## [RECORDS FOR THIS TASK]
____________________
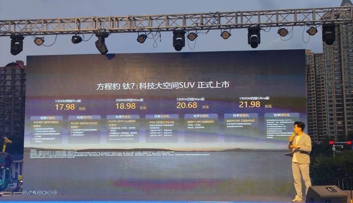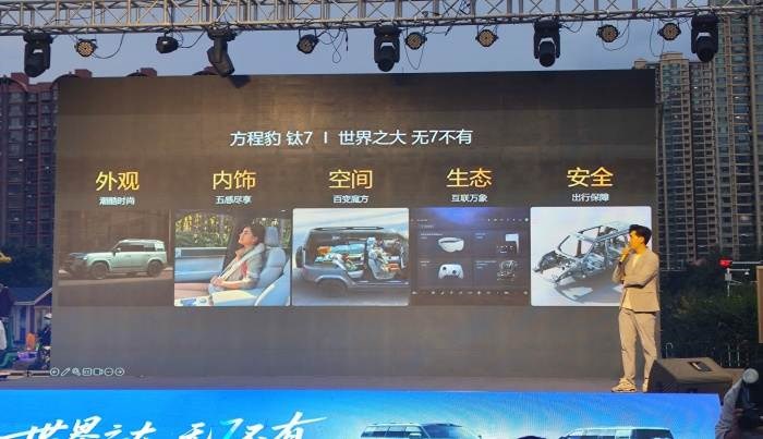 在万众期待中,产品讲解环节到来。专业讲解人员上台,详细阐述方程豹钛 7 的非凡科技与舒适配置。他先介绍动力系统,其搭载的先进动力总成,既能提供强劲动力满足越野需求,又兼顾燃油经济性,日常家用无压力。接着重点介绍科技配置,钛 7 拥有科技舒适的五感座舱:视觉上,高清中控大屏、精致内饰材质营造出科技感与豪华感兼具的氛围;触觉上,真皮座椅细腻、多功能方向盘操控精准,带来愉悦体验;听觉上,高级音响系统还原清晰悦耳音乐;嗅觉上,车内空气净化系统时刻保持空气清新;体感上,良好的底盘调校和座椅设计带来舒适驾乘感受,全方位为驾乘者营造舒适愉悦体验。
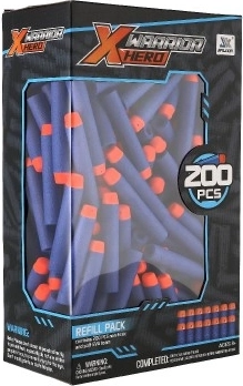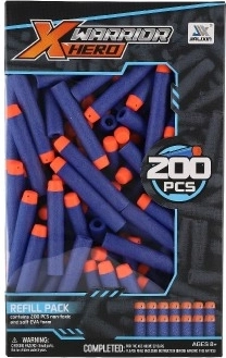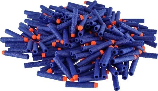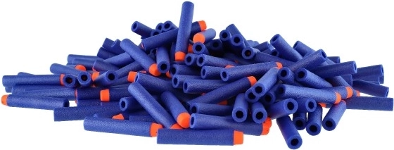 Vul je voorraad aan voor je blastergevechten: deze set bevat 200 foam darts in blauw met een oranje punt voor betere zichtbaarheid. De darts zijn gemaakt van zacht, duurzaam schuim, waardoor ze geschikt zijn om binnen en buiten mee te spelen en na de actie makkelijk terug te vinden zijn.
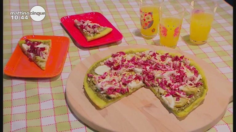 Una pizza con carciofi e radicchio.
____________________
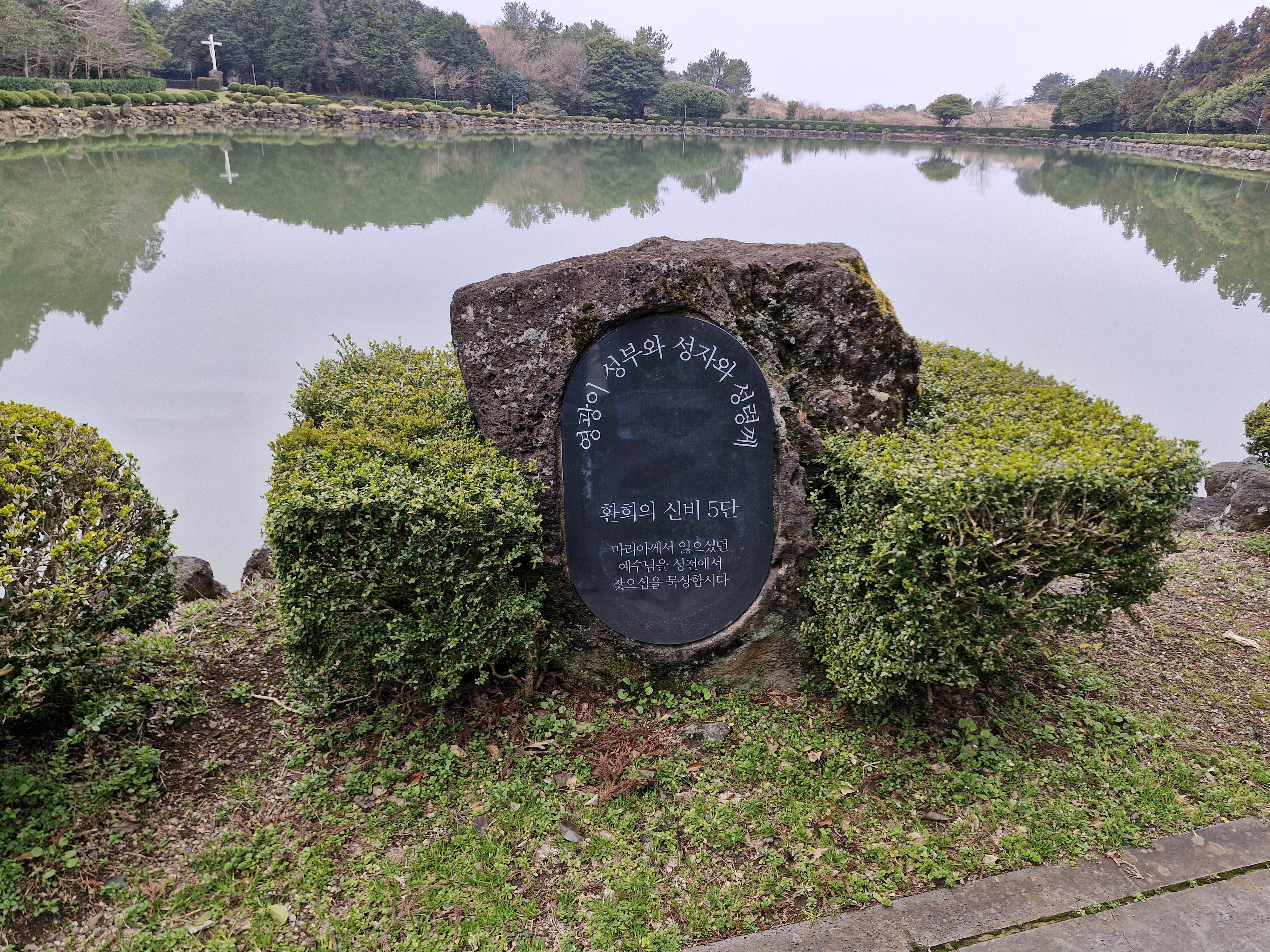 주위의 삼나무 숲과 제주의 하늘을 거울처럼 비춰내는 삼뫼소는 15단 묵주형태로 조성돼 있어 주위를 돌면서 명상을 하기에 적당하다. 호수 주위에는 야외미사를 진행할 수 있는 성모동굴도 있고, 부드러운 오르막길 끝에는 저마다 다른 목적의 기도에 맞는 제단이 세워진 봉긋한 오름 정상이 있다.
____________________
## [REQUIRED ACTION]
Line for line, output the entries above from the line with "Vul je voorraad" to the line with "Una pizza con carciofi e radicchio.", both included, and nothing more. Skip pictures.

## [RESPONSE TO THE TASK]
 Vul je voorraad aan voor je blastergevechten: deze set bevat 200 foam darts in blauw met een oranje punt voor betere zichtbaarheid. De darts zijn gemaakt van zacht, duurzaam schuim, waardoor ze geschikt zijn om binnen en buiten mee te spelen en na de actie makkelijk terug te vinden zijn.
 Una pizza con carciofi e radicchio.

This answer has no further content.